It is very common for people to watch TV or be on their computer or mobile device in the evening.  We have busy lives, and evening/night is when most people have time to use these devices for entertainment (or extra work).  They can distract us, and distraction can seem quite helpful for drifting off to sleep (more on that in the next section).  But as we learned earlier, engagement with backlit screens can keep us awake sometimes.  Plus, have you noticed how TV shows just roll on, one right after the other?  In the past, commercials were shown for a few minutes between programs, and this gave us time to consider going to bed.  Not the case anymore.  It’s easy to stay put and keep watching.  Computers and mobile devices offer social media, email, online banking, etc., activities that can eat into sleep time.  The “time drain” aspect of electronic devices is at least as bad for your sleep as any deleterious light exposure effects.

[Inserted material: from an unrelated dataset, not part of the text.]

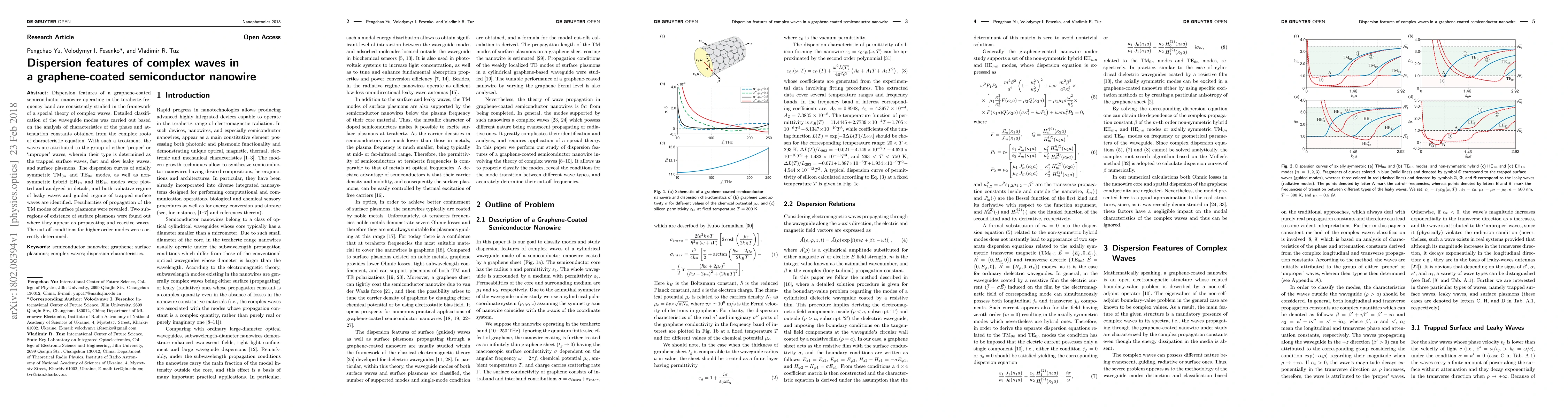 This paper investigates the dispersion characteristics of complex waves in a graphene-coated semiconductor nanowire in the terahertz band, classifying waveguide modes based on phase and attenuation constants. The study identifies various wave types, including trapped surface waves, leaky waves, and surface plasmons, and determines the conditions for their propagation.

But perhaps the main reason that backlit screen time around bedtime is bad for our sleep is that it can make us forget what it feels like to get sleepy.  You may not notice your sleep cues getting stronger.  Let me explain.  Let’s go back to nature and our camping example come earlier.  Outside of our modern society, we are much more keenly aware of the onset of night.  The transition from day to dusk to night is salient, unavoidable.  Removed from our modern living, this change in ambient light engulfs us.  We have no choice but to get sleepy, and we feel it.  On the couch at home in front of the TV you may get sleepy, but you may not notice the start of sleepiness happening.  It just happens.  In fact, one of the more commonly heard experiences from people with insomnia is that they fall asleep on the couch, get woken up by their partner or a noise on the TV, drag themselves to bed, and then ZING!  Alert.  No sleep.  The feeling of getting sleepy before going to bed must be experienced on a regular nightly basis for sleep to be easy.

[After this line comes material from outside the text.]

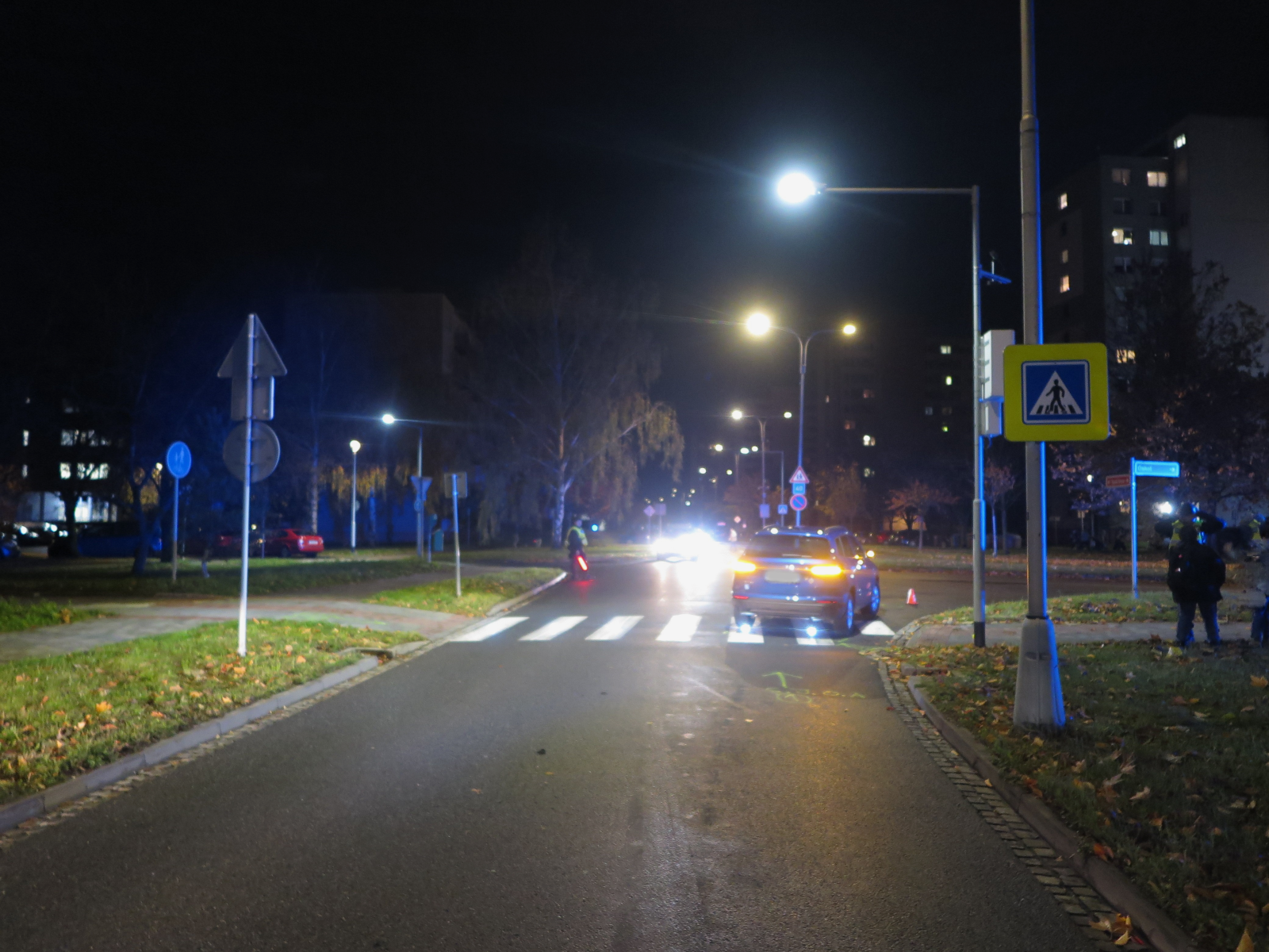 Dopravní policie v Kroměříži vyšetřuje nehodu, při které modré osobní auto narazilo do chodce. Událost se stala 3. listopadu 2025 těsně před sedmnáctou hodinou na přechodu pro chodce na ulici Spáčilova poblíž křižovatky s ulicí Oskol, nedaleko lávky.

So learning what getting and sleepy feels like may take some re-learning.  At the end of this booklet, I encourage you read about my iPhone app that can greatly help with re-learning how to recognize sleep cues!

Distraction with Imagery

In the “old days” when someone couldn’t sleep, what were they told to do?  Count sheep.  Count backward by three from 1,000.  Read War and Peace.  These were the gold standards of boring, monotonous activities, and the hope was to bore ourselves to sleep.  Ever try this?  I did once.  Made it to about 11 sheep and wanted to scream.  (I’ve also wondered if sheep with insomnia count jumping humans.  Again, I digress.)

When you lie down to sleep, it is very important to understand something: You can’t think about nothing.  The human brain (even mine) is too big.  Humans are always thinking about something, all the time, so the “blank slate” approach in bed doesn’t work very well because it’s not possible.  Boring or monotonous mental tasks like counting sheep may work once or twice for some people, but they are not a long term solution.  For some people, boring or monotonous thoughts can turn into worrisome ruminations, leading to more insomnia.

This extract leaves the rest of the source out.